◆ **Problem statement**
The part below that opens with the line containing "本次更新新增隐藏手机号和邮箱" and closes with the line containing "웹사이트에는 100여 건의" should be copied exactly, minus any pictures.

◆ **Exercise inputs**
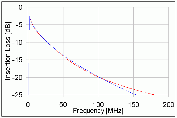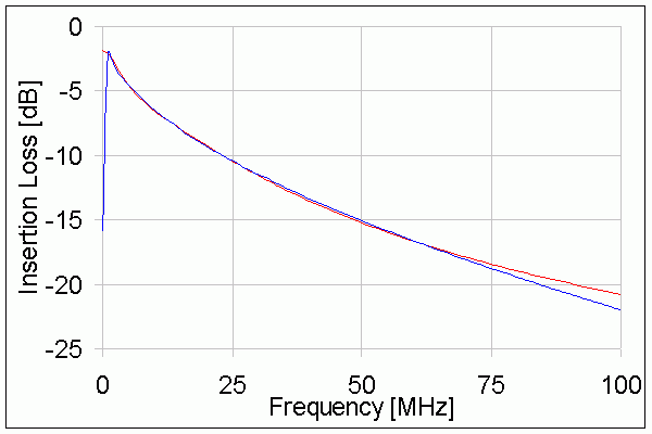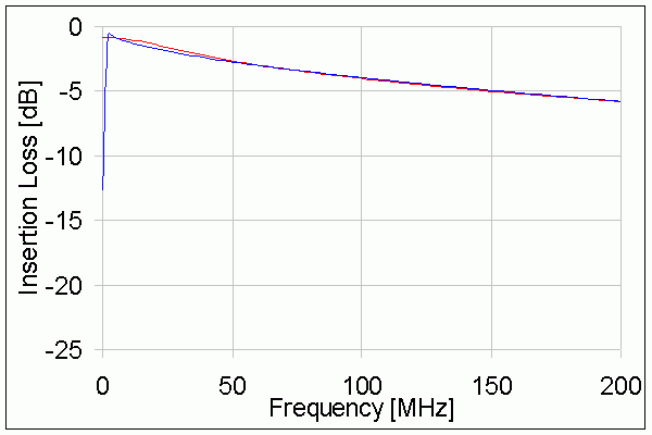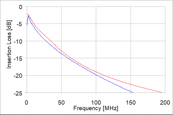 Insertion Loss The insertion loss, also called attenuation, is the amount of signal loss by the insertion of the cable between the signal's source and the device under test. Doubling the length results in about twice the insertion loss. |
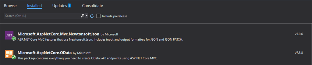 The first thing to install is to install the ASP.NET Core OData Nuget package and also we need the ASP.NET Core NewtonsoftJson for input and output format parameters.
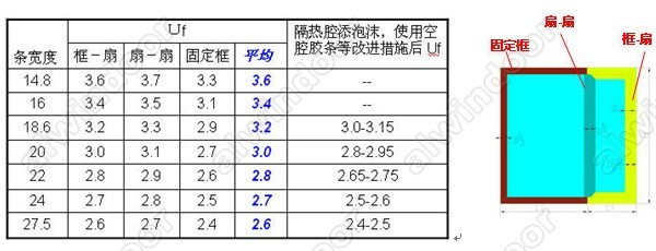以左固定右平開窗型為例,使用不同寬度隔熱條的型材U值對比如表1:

==

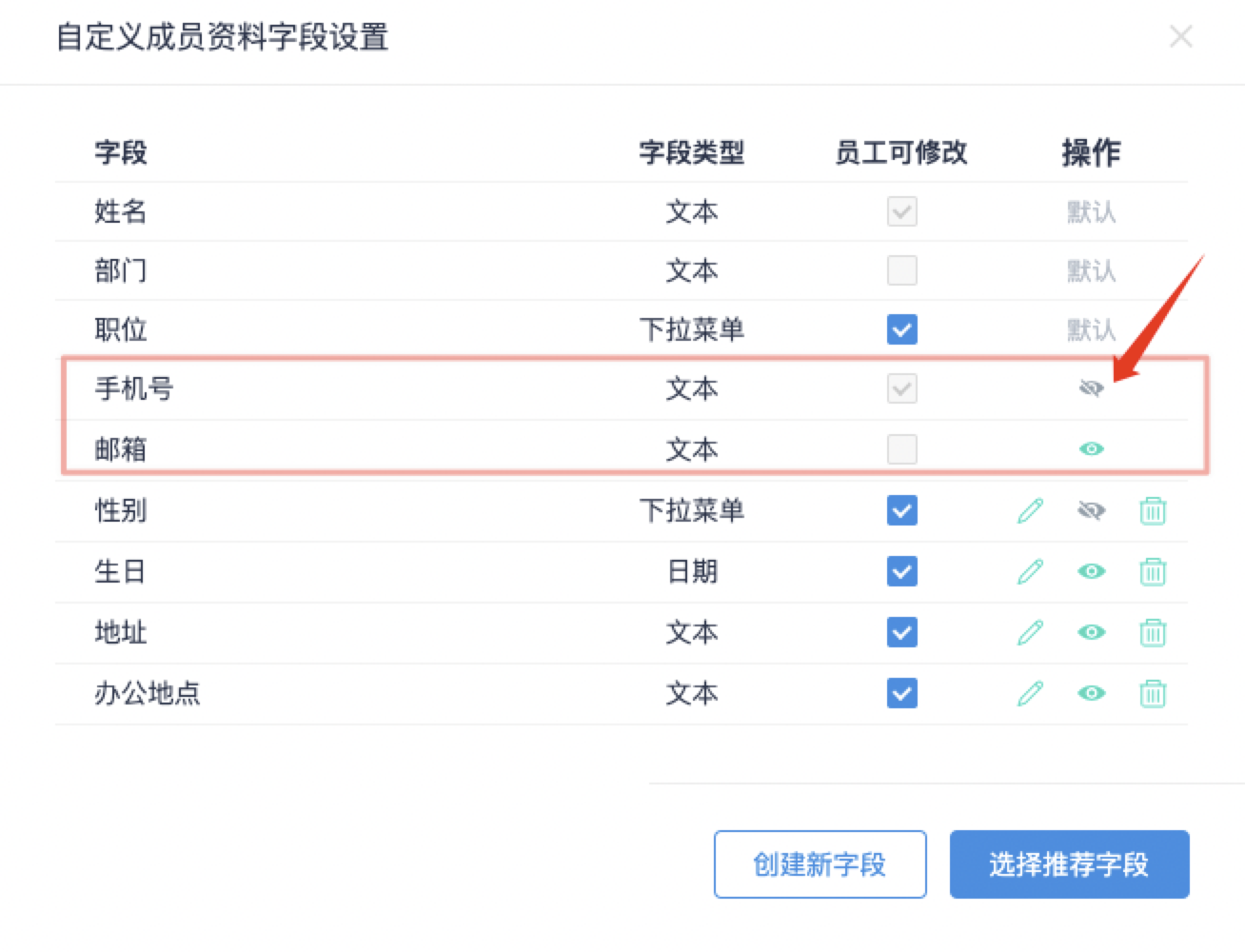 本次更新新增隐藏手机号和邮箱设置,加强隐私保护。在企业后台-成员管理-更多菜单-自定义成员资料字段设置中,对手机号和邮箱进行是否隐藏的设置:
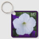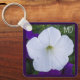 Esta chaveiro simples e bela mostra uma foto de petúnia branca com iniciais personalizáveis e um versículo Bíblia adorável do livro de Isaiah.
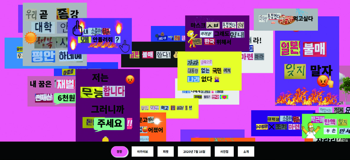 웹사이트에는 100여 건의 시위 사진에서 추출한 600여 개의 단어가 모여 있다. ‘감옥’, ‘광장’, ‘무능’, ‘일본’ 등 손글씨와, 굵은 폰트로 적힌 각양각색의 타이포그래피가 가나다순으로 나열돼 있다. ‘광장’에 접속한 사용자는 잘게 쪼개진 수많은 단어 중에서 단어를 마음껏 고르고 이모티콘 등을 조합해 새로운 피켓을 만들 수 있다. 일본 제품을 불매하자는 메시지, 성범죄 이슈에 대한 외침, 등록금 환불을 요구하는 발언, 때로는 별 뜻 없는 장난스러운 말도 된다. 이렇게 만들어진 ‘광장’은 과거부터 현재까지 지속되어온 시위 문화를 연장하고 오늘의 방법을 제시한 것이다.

◆ **Exercise output**
 本次更新新增隐藏手机号和邮箱设置,加强隐私保护。在企业后台-成员管理-更多菜单-自定义成员资料字段设置中,对手机号和邮箱进行是否隐藏的设置:
 Esta chaveiro simples e bela mostra uma foto de petúnia branca com iniciais personalizáveis e um versículo Bíblia adorável do livro de Isaiah.
 웹사이트에는 100여 건의 시위 사진에서 추출한 600여 개의 단어가 모여 있다. ‘감옥’, ‘광장’, ‘무능’, ‘일본’ 등 손글씨와, 굵은 폰트로 적힌 각양각색의 타이포그래피가 가나다순으로 나열돼 있다. ‘광장’에 접속한 사용자는 잘게 쪼개진 수많은 단어 중에서 단어를 마음껏 고르고 이모티콘 등을 조합해 새로운 피켓을 만들 수 있다. 일본 제품을 불매하자는 메시지, 성범죄 이슈에 대한 외침, 등록금 환불을 요구하는 발언, 때로는 별 뜻 없는 장난스러운 말도 된다. 이렇게 만들어진 ‘광장’은 과거부터 현재까지 지속되어온 시위 문화를 연장하고 오늘의 방법을 제시한 것이다.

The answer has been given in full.